Question

Introduction

I'm currently building an access control system in my DataMapper ORM installation (with CodeIgniter 2.*). I have the initial injection of the User's rights (Root/Anonymous layers too) working perfectly. When a User logs in the DataMapper calls that are done in the system will automatically be marked with the Userrights the User has.

So until this point it works perfectly, but now I'm a bit in a bind. The problem is that I need some way to catch and filter each method-call on the Object that is instantiated.

I have two special calls so I can disable the Userrights-checks too. This is particularly handy at the exact moment I want to login a User and need to do initial checks;

DataMapper::disable_userrights();

$this->_user = new User($this->session->userdata('_user_id'));
$this->_userrights = ($this->_user ? $this->_user->userrights(TRUE) : NULL);

DataMapper::enable_userrights();

The above makes sure I can do the initial User (and it's Userrights) injection. Inside the DataMapper library I use the $CI =& get_instance(); to access the _ globals I use. The general rule in this installment I'm building is that $this->_ is reserved for a "globals" system that always gets loaded (or can sometimes be NULL/FALSE) so I can easily access information that's almost always required on each page/call.

Details

Ok, so image the above my logged-in User has the Userrights: Create/Read/Update on the User Entity. So now if I call a simple:

$test = new User();
$test->get_where('name', 'Allendar');

The $_rights Array inside the DataMapper instance will know that the current logged-in User is allowed to perform certain tasks on "this" instance;

protected $_rights = array(
    'Create' => TRUE,
    'Read' => TRUE,
    'Update' => TRUE,
    'Delete' => FALSE,
);

The issue

Now comes my problem. I want to control these Userrights by validating them over each action that is performed. I have the following ideas;

  1. Super redundant; make a global validation method that is executed at the start of each other method in the DataMapper Class.
    • Problem 1: I have to spam the whole DataMapper Class with the same calls
    • Problem 2: I have no control over DataMapper extension methods
    • Problem 3: How to detect relational includes? They should be validated too
  2. Low level binding on certain Core DataMapper calls where I can clearly detect what kind of action is executed on the database (C/R/U/D).

So I'm aiming for Option 2 (and 1.) Problem 2), as it will also solve 1.) Problem 2.

The problem is that DataMapper is so massive and it's pretty complex to discern what actually happens when on it's deepest calling level.
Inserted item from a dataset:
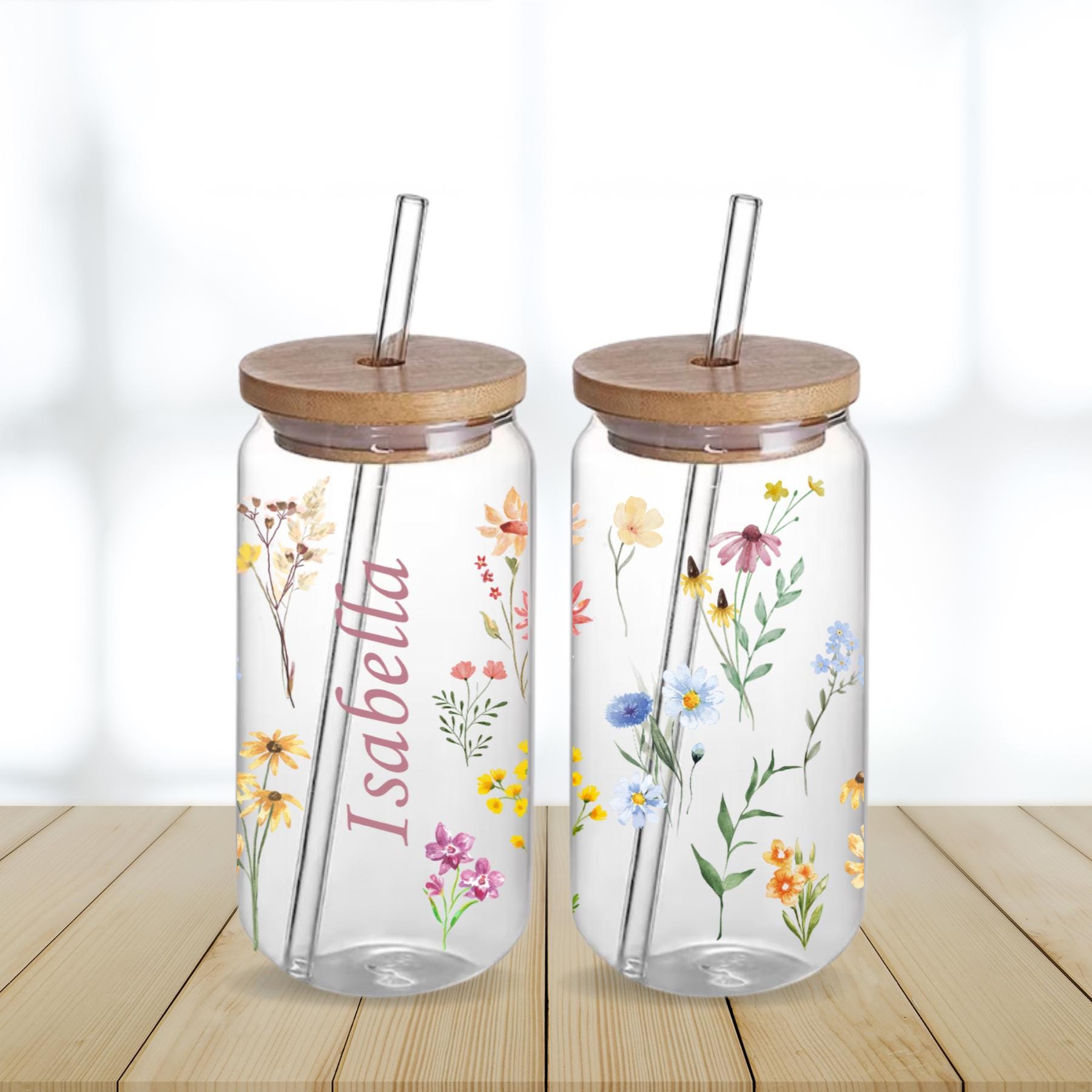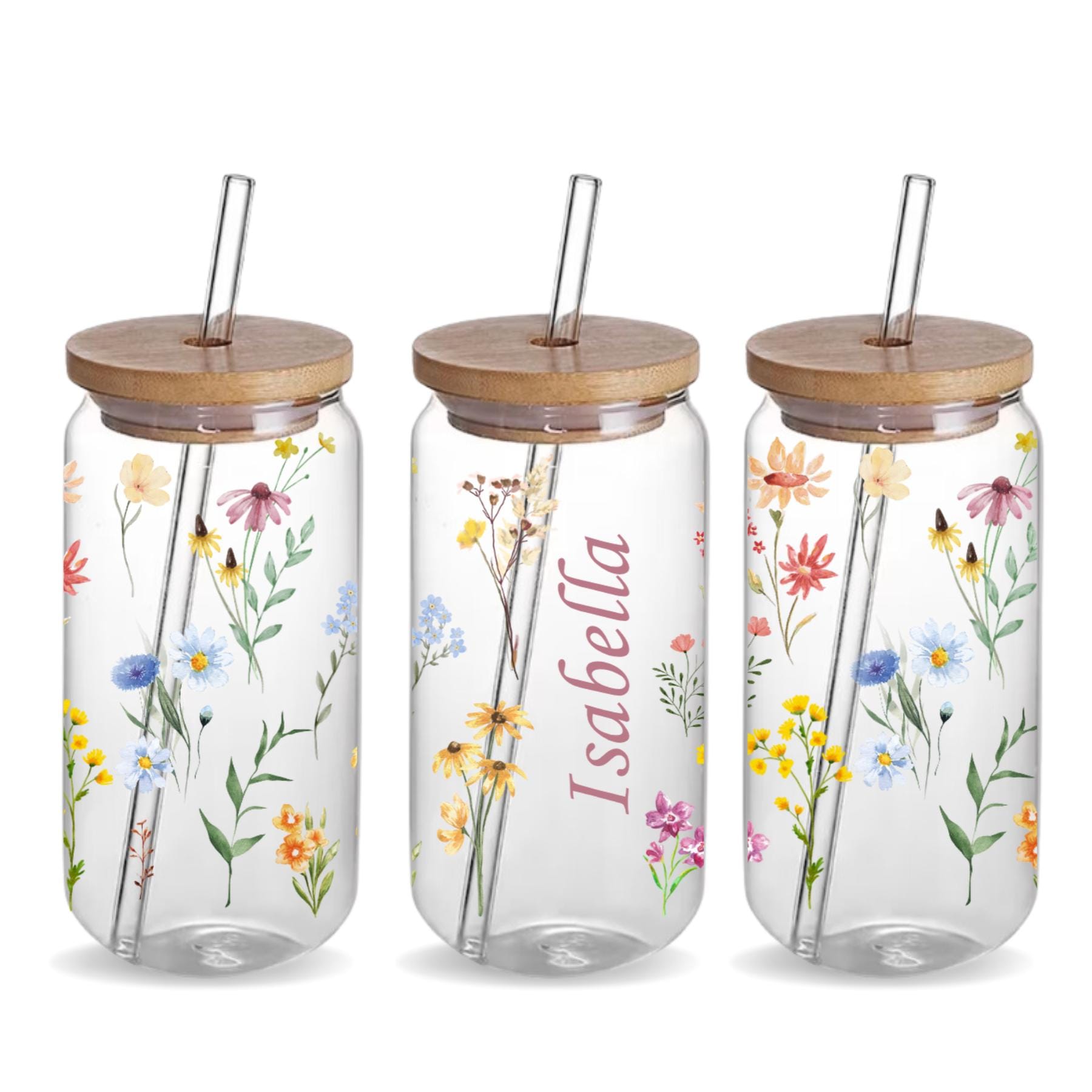 Add a touch of charm to your daily drinks with this wildflower personalized sipper glass. Featuring a delicate floral design and your custom name, it’s the perfect blend of boho style and aesthetic drinkware.

Furthermore it looks like all methods are very scattered and hardly ever use each other ($this->get() is often not used to do an eventual call to get a dataset).

So my goal is:

  • User (logged-in, Anonymous, Root) makes a DataMapper istance
    • $user_test = new User;
  • User wants to get $user-test (Read)
    • $user_test->get(1);
  • DataMapper will validate the actual call that is done at the database
    • IF it is only SELECT; OK
    • IF something else than SELECT (or JOINs to other Model that the User doesn't have access to that/those Models, it will fail with a clear error message)
    • IF JOINed Models also validate; OK
  • Return the actual instance;
    • IF OK: continue DataMapper's normal workflow
    • IF not OK: inform the User and return the normal empty DataMapper instance of that Model

Furthermore, for this system I think I will need to add some customization for the raw_sql (etc.) SQL calls so that I have to inject the rights manually related to that SQL statement or only allow the Root User to do those things.

Recap

I'm curious if someone ever attempted something like this in DataMapper or has some hints how I can use/intercept those lowest level calls in DataMapper.

If I can get some clearance on the deepest level of DataMapper's actual final query-call I can probably get a long way myself too.

Was it helpful?

Solution

I would like to suggest not to do this in Datamapper itself (mainly due to the complexity of the code, as you have already noticed yourself).

Instead, use a base model, and have that extend Datamapper. Then add the code to the base model required for your ACL checks, and then overload every Datamapper method that needs an ACL check. Have it call your ACL, deal with an access denied, and if access is granted, simply return the result of parent::method();.

Instead of extending Datamapper, your application models should then extend this base model, so they will inherit the ACL features.